Give the lines again exactly as they appear, beginning at the one with "当职业摔角与角色扮演游戏碰撞" and ending at the last line of the records.

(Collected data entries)
....

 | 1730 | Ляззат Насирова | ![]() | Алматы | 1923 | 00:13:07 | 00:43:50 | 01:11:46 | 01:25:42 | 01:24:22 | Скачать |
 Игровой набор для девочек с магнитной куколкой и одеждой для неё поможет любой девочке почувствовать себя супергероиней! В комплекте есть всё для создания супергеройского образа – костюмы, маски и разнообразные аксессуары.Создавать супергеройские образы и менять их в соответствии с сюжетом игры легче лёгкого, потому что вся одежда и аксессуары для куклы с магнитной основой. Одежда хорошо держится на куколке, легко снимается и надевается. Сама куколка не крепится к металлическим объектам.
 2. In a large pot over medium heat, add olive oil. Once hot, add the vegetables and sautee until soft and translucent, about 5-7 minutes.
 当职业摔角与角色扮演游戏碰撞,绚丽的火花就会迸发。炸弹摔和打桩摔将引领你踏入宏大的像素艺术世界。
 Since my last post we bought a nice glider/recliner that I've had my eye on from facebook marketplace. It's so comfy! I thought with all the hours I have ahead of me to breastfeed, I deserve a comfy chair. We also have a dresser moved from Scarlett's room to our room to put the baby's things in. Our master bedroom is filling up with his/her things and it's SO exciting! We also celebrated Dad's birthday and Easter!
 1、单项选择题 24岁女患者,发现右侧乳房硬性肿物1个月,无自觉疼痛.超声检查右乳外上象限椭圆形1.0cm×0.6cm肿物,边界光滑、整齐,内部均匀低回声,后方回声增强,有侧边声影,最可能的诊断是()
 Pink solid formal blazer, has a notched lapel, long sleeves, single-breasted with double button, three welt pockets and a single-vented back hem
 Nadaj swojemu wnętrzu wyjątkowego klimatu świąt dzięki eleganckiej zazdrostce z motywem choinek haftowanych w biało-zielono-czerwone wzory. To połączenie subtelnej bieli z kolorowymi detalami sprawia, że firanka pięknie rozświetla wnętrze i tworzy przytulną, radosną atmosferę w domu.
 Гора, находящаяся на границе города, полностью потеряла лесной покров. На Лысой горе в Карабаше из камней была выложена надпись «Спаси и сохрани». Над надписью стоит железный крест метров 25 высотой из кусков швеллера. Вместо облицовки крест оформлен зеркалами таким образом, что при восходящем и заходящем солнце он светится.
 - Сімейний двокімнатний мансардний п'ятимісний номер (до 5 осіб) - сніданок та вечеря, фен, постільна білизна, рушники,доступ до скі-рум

....

→ **YOUR RESPONSE**:
 当职业摔角与角色扮演游戏碰撞,绚丽的火花就会迸发。炸弹摔和打桩摔将引领你踏入宏大的像素艺术世界。
 Since my last post we bought a nice glider/recliner that I've had my eye on from facebook marketplace. It's so comfy! I thought with all the hours I have ahead of me to breastfeed, I deserve a comfy chair. We also have a dresser moved from Scarlett's room to our room to put the baby's things in. Our master bedroom is filling up with his/her things and it's SO exciting! We also celebrated Dad's birthday and Easter!
 1、单项选择题 24岁女患者,发现右侧乳房硬性肿物1个月,无自觉疼痛.超声检查右乳外上象限椭圆形1.0cm×0.6cm肿物,边界光滑、整齐,内部均匀低回声,后方回声增强,有侧边声影,最可能的诊断是()
 Pink solid formal blazer, has a notched lapel, long sleeves, single-breasted with double button, three welt pockets and a single-vented back hem
 Nadaj swojemu wnętrzu wyjątkowego klimatu świąt dzięki eleganckiej zazdrostce z motywem choinek haftowanych w biało-zielono-czerwone wzory. To połączenie subtelnej bieli z kolorowymi detalami sprawia, że firanka pięknie rozświetla wnętrze i tworzy przytulną, radosną atmosferę w domu.
 Гора, находящаяся на границе города, полностью потеряла лесной покров. На Лысой горе в Карабаше из камней была выложена надпись «Спаси и сохрани». Над надписью стоит железный крест метров 25 высотой из кусков швеллера. Вместо облицовки крест оформлен зеркалами таким образом, что при восходящем и заходящем солнце он светится.
 - Сімейний двокімнатний мансардний п'ятимісний номер (до 5 осіб) - сніданок та вечеря, фен, постільна білизна, рушники,доступ до скі-рум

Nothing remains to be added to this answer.